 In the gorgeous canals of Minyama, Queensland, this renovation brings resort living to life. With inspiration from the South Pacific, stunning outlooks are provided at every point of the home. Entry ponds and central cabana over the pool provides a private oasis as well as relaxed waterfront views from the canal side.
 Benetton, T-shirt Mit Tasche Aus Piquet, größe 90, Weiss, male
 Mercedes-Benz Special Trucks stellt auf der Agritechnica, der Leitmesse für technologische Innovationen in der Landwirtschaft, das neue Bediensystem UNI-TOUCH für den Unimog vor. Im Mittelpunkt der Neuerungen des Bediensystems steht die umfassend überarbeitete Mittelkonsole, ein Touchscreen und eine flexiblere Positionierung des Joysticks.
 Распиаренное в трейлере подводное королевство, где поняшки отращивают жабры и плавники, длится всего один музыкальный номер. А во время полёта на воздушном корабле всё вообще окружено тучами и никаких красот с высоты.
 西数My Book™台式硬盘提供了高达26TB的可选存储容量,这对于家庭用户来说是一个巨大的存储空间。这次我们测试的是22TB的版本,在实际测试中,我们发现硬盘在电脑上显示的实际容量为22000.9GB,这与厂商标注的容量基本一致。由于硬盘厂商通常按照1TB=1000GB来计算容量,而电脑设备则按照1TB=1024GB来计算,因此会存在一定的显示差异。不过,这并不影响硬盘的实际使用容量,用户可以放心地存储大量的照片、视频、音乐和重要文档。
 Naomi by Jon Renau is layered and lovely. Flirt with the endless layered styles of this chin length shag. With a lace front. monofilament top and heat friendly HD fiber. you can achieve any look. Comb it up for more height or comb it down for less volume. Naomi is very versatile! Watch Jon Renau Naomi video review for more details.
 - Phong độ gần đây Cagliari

--

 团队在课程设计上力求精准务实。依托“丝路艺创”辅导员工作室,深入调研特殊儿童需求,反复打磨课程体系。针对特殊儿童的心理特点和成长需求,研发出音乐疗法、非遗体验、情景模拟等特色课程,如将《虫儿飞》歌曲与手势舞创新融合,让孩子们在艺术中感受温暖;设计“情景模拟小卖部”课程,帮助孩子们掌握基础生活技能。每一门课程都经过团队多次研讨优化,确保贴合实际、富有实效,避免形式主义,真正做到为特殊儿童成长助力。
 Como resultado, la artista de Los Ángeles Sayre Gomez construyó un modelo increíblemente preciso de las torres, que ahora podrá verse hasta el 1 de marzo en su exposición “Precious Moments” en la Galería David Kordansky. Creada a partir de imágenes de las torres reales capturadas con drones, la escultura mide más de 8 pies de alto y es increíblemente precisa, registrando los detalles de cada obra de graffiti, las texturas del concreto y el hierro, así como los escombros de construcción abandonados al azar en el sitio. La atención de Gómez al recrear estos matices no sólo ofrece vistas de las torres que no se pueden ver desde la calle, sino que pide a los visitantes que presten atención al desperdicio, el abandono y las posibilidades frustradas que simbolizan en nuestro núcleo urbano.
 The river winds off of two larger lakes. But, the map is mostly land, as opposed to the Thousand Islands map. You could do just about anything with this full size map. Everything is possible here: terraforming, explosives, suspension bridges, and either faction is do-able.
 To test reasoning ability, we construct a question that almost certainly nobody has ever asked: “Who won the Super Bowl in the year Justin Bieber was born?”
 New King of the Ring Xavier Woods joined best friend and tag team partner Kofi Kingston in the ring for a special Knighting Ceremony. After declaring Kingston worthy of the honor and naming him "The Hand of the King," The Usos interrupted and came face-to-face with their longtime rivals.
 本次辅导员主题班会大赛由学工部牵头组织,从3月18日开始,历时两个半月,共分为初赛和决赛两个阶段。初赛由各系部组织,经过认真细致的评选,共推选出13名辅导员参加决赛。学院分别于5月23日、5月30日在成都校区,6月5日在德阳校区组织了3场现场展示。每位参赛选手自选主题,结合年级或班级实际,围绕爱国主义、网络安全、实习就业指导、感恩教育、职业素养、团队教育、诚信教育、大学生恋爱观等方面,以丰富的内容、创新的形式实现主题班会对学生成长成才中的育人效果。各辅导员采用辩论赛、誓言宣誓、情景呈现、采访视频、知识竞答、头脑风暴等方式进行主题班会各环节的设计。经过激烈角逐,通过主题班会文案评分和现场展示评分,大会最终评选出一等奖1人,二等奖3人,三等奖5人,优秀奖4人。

* * *

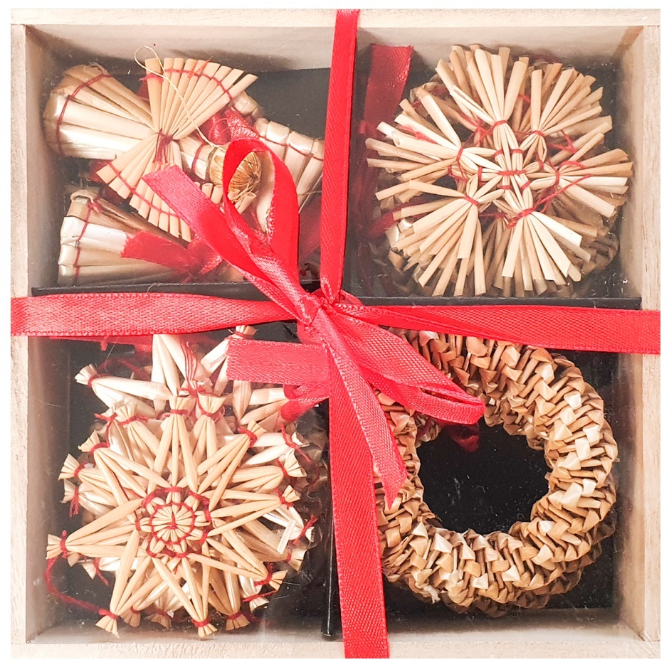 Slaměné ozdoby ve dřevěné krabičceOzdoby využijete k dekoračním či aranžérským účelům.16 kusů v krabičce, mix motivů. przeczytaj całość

# [Brief]
Beginning with the line that has "In the gorgeous" and ending with the line that has "Benetton, T-shirt Mit", set down the lines above exactly and include no others.

# [Response to this task]
 In the gorgeous canals of Minyama, Queensland, this renovation brings resort living to life. With inspiration from the South Pacific, stunning outlooks are provided at every point of the home. Entry ponds and central cabana over the pool provides a private oasis as well as relaxed waterfront views from the canal side.
 Benetton, T-shirt Mit Tasche Aus Piquet, größe 90, Weiss, male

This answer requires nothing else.